Saturday, October 2, 2010

Diana Rhoten: "We are not waiting on superman, we are empowering superheroes"




I have been reading about the movie "Waiting for Superman" which is about schools in the U.S. Although I have not seen it, Diana Rhoten writes about it in one of the most thoughtful posts I've read in a while. I would really urge you to check out her entire post, I have added her blog to my feeds and look forward to more.

According to Rhoten, the main message of the movie is that the education system in the U.S. is failing kids and their families left and right. Furthermore, the movie claims that the adults in the system – particularly, the teachers unions – are responsible for letting the public-school system devolve to the state of crisis it’s in today.

According to Rhoten, all of the recommendations the movie makes for fixing schools have been tried before and they haven't worked.

She says, "I believe we need to reframe the problem and the conversation, from one about re-forming schooling to one about re-thinking education and re-imagining learning." Her plan to re-think involves three assumptions (see her blog for full text).

Assumption 1:

"The future of education is about learning not schooling. If we continue to limit our thinking about education to 28 students,1 teacher,1500 square feet between the hours of 8 to 3, we are condemning today’s fourth graders to exactly the same educational experience that I got in 1976, that my father got in 1946, and that his father got in 1916.

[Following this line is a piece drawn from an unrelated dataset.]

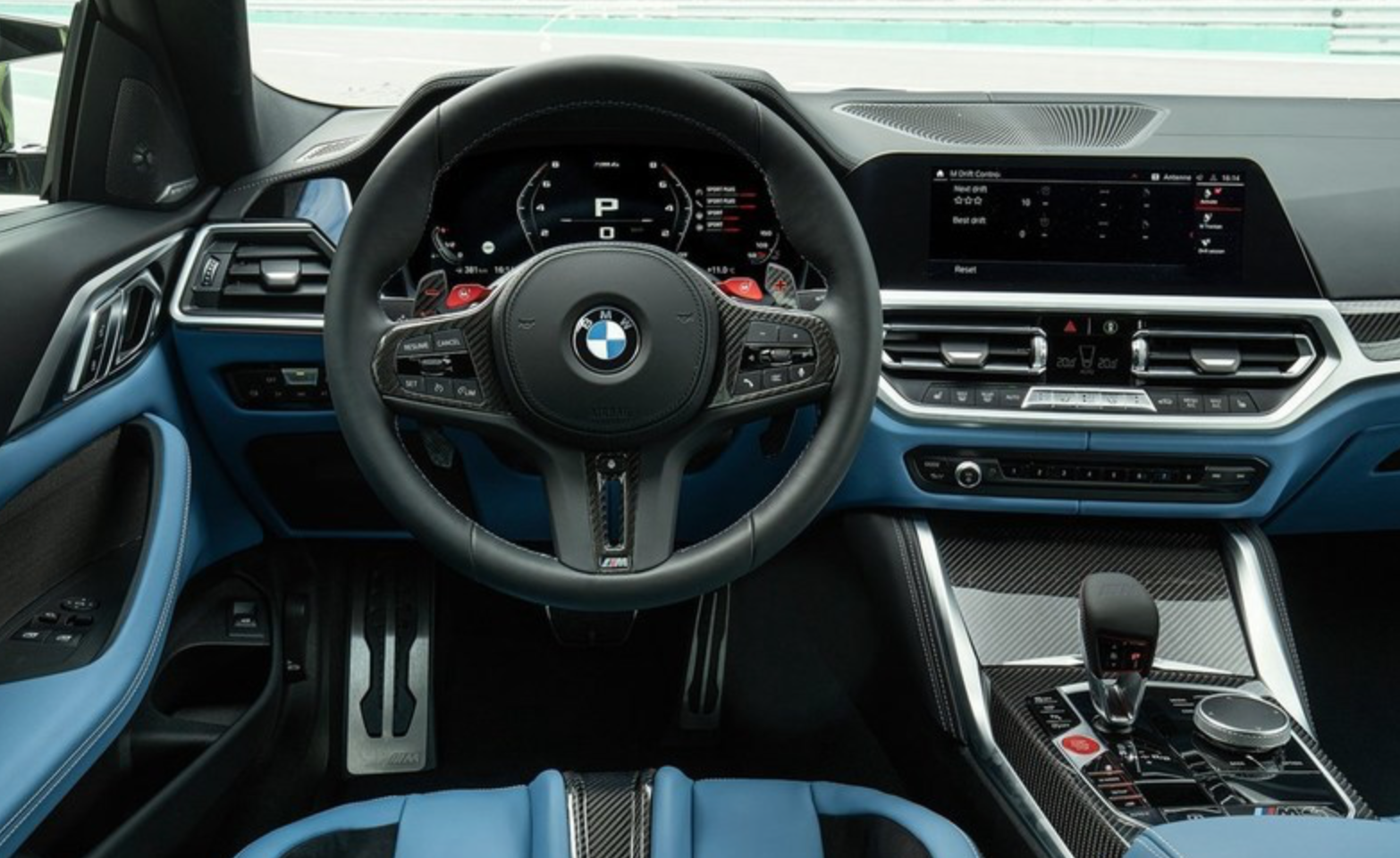 熟悉的运动座椅,随处可见的碳纤维饰板,以及突出的红色按键和专属的M标等,则表明了其特殊的身份。
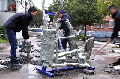更换娱乐设施 3月25日,宣恩县园林管理局工人们正在将破旧、老化、损坏的公共设施进行抢修和及时更换。 据悉:为确保市民娱乐设施完整安全,该县园林管理局已将城区破损、老化、损坏的公共设施全部实行更换和维修。 (本报视界网:罗清峰、黄文江摄)

And, as long as we constrain ourselves to thinking about education in terms of these traditional parameters of schooling and not frame the conversation about learning as something that happens anywhere, anytime, by default we limit our ability to imagine alternatives that could actually get us out of the crisis we’re in today."

Many others have said that the same thing.

Assumption 2:

"Technology is not an end in itself but a means to an end, and that end is better learning....

.... to date most of technology applications in the education sector have been about increasing the efficiency of institutional schooling rather than improving the efficacy of individual learning. But, what if we designed new technologies for the learner rather than the school administrator?"

I believe that we are talking about a change in the culture of schools. My own experiences prove that even realizing culture changes within my own classroom are not easy.

Assumption 3:

..."We don’t believe in simply throwing technology over the fence and seeing what happens....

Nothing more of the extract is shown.